> [Work order]
If pictures appear among the lines below, leave them out while you return exactly the lines from the one with "37137000Bestellnummer 37541000Bestellnummer 37450000107" through the one with "Характеристики: Материал: полиэстер".

> [Information given]

########

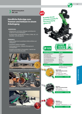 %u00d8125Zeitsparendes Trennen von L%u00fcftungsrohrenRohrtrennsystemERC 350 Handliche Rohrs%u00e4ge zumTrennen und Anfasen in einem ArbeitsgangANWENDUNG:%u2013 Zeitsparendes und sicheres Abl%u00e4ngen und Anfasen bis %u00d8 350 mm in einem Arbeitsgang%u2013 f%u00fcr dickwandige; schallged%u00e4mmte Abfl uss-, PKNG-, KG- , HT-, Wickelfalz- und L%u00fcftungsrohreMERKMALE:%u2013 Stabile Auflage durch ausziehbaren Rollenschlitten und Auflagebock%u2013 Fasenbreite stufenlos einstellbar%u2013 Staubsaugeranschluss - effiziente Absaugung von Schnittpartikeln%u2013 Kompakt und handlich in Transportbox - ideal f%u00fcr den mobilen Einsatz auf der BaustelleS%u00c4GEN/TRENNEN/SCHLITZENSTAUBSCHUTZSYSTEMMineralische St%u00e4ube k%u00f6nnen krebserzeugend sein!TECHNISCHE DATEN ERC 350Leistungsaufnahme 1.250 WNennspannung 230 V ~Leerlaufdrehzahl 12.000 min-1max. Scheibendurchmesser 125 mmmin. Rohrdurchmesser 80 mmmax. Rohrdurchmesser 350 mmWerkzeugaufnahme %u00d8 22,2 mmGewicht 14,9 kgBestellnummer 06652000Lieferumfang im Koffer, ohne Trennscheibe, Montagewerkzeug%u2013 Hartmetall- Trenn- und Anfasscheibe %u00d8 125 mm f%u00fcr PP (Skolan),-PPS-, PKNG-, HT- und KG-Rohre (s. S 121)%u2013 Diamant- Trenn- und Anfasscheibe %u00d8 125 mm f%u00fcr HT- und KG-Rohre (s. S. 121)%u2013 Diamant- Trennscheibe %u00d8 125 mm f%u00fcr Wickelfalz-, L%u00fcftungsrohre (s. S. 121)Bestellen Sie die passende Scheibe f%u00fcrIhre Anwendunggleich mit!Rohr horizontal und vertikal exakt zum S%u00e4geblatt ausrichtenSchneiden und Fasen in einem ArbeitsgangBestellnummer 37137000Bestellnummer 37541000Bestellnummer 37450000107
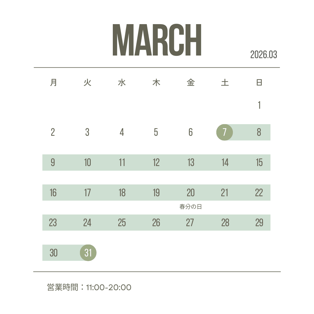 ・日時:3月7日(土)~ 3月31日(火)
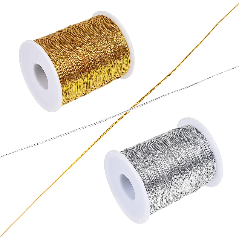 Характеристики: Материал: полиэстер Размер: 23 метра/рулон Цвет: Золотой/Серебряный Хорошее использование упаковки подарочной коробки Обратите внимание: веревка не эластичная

########

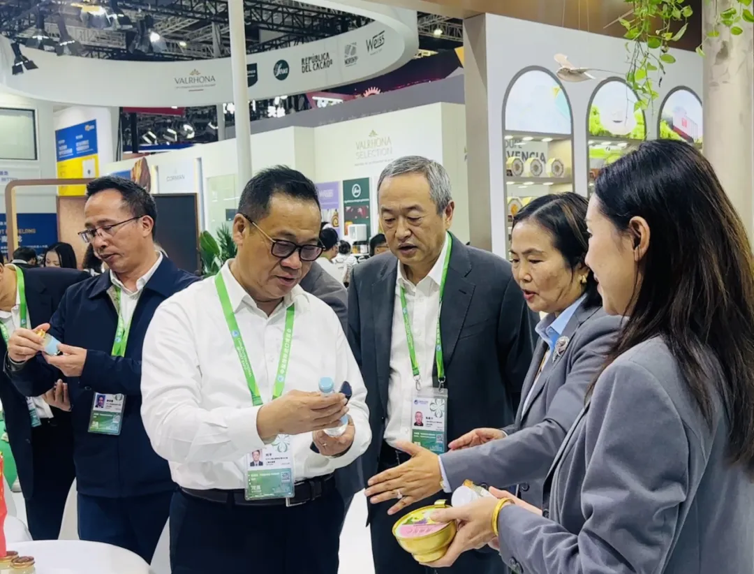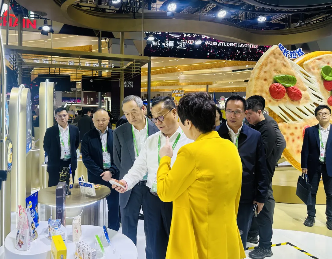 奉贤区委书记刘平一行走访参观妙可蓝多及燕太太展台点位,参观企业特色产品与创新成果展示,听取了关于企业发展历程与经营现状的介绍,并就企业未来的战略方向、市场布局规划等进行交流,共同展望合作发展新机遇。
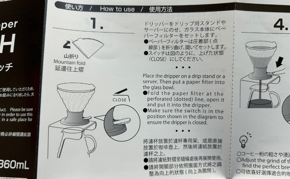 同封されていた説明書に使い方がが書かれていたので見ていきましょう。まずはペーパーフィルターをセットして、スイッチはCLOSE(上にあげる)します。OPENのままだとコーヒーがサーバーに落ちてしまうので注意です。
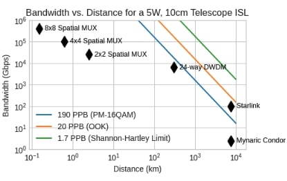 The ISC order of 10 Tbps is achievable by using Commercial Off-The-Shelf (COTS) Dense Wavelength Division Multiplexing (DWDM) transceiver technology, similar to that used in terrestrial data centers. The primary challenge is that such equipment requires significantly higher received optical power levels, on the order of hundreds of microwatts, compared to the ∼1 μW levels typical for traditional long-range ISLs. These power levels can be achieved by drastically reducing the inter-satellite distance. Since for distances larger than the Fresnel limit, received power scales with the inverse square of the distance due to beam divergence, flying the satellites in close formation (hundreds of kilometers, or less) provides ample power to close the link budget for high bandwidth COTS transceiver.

########

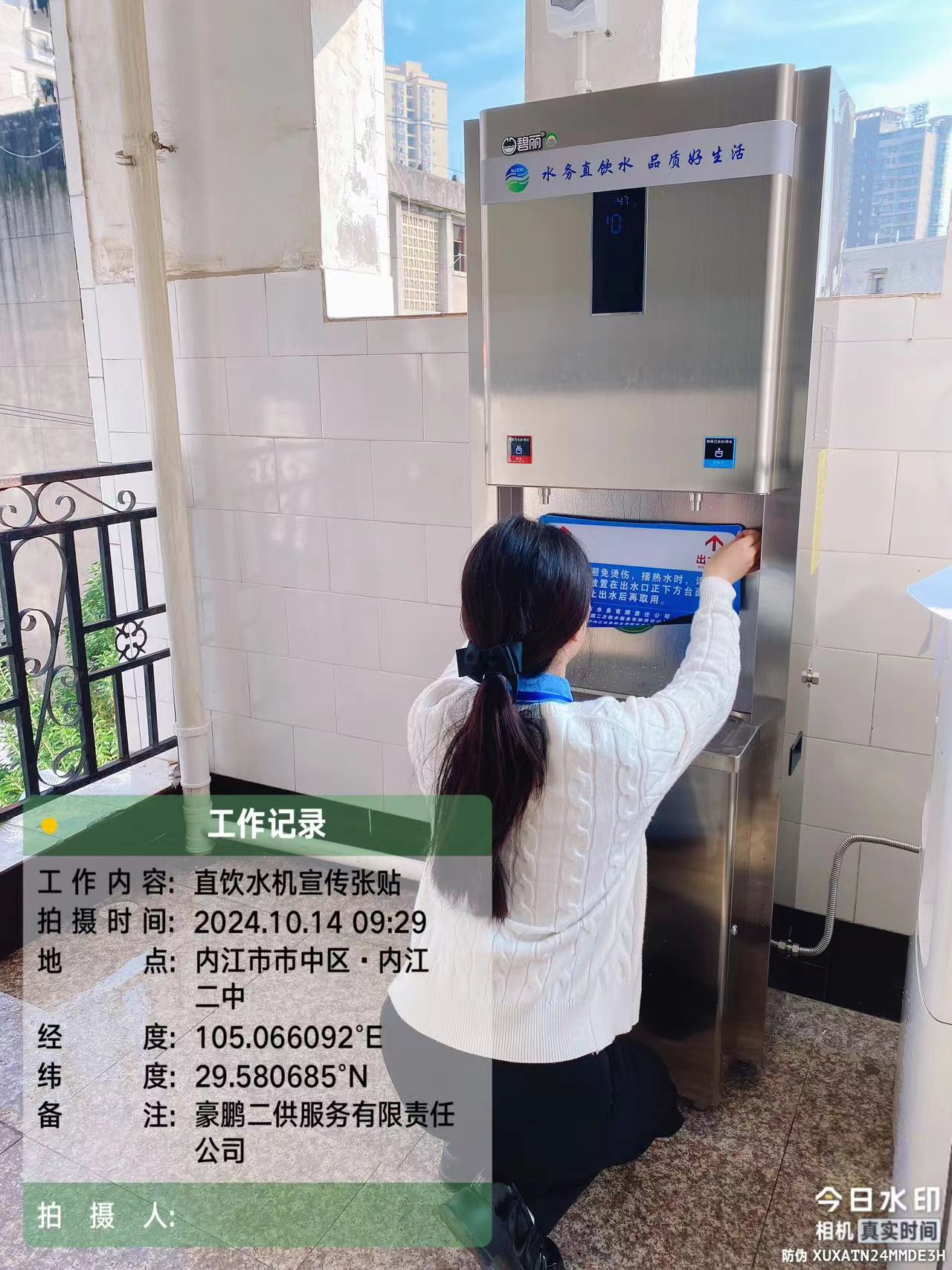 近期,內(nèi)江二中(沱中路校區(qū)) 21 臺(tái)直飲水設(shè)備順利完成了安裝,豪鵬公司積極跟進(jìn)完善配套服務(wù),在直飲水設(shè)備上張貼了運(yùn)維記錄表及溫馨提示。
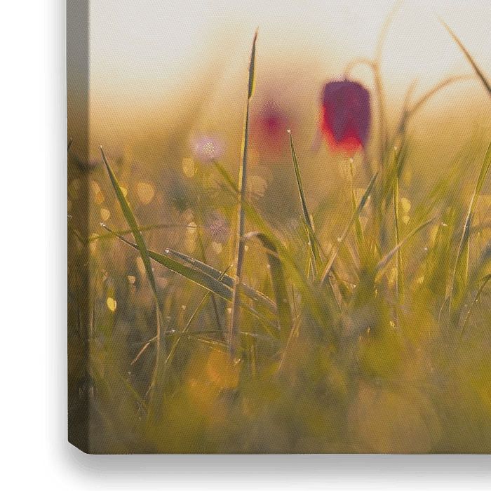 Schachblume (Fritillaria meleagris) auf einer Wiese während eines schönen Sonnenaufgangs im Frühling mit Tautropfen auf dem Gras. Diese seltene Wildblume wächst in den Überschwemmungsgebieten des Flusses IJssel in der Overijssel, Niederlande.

########

> [The answer]
 %u00d8125Zeitsparendes Trennen von L%u00fcftungsrohrenRohrtrennsystemERC 350 Handliche Rohrs%u00e4ge zumTrennen und Anfasen in einem ArbeitsgangANWENDUNG:%u2013 Zeitsparendes und sicheres Abl%u00e4ngen und Anfasen bis %u00d8 350 mm in einem Arbeitsgang%u2013 f%u00fcr dickwandige; schallged%u00e4mmte Abfl uss-, PKNG-, KG- , HT-, Wickelfalz- und L%u00fcftungsrohreMERKMALE:%u2013 Stabile Auflage durch ausziehbaren Rollenschlitten und Auflagebock%u2013 Fasenbreite stufenlos einstellbar%u2013 Staubsaugeranschluss - effiziente Absaugung von Schnittpartikeln%u2013 Kompakt und handlich in Transportbox - ideal f%u00fcr den mobilen Einsatz auf der BaustelleS%u00c4GEN/TRENNEN/SCHLITZENSTAUBSCHUTZSYSTEMMineralische St%u00e4ube k%u00f6nnen krebserzeugend sein!TECHNISCHE DATEN ERC 350Leistungsaufnahme 1.250 WNennspannung 230 V ~Leerlaufdrehzahl 12.000 min-1max. Scheibendurchmesser 125 mmmin. Rohrdurchmesser 80 mmmax. Rohrdurchmesser 350 mmWerkzeugaufnahme %u00d8 22,2 mmGewicht 14,9 kgBestellnummer 06652000Lieferumfang im Koffer, ohne Trennscheibe, Montagewerkzeug%u2013 Hartmetall- Trenn- und Anfasscheibe %u00d8 125 mm f%u00fcr PP (Skolan),-PPS-, PKNG-, HT- und KG-Rohre (s. S 121)%u2013 Diamant- Trenn- und Anfasscheibe %u00d8 125 mm f%u00fcr HT- und KG-Rohre (s. S. 121)%u2013 Diamant- Trennscheibe %u00d8 125 mm f%u00fcr Wickelfalz-, L%u00fcftungsrohre (s. S. 121)Bestellen Sie die passende Scheibe f%u00fcrIhre Anwendunggleich mit!Rohr horizontal und vertikal exakt zum S%u00e4geblatt ausrichtenSchneiden und Fasen in einem ArbeitsgangBestellnummer 37137000Bestellnummer 37541000Bestellnummer 37450000107
 ・日時:3月7日(土)~ 3月31日(火)
 Характеристики: Материал: полиэстер Размер: 23 метра/рулон Цвет: Золотой/Серебряный Хорошее использование упаковки подарочной коробки Обратите внимание: веревка не эластичная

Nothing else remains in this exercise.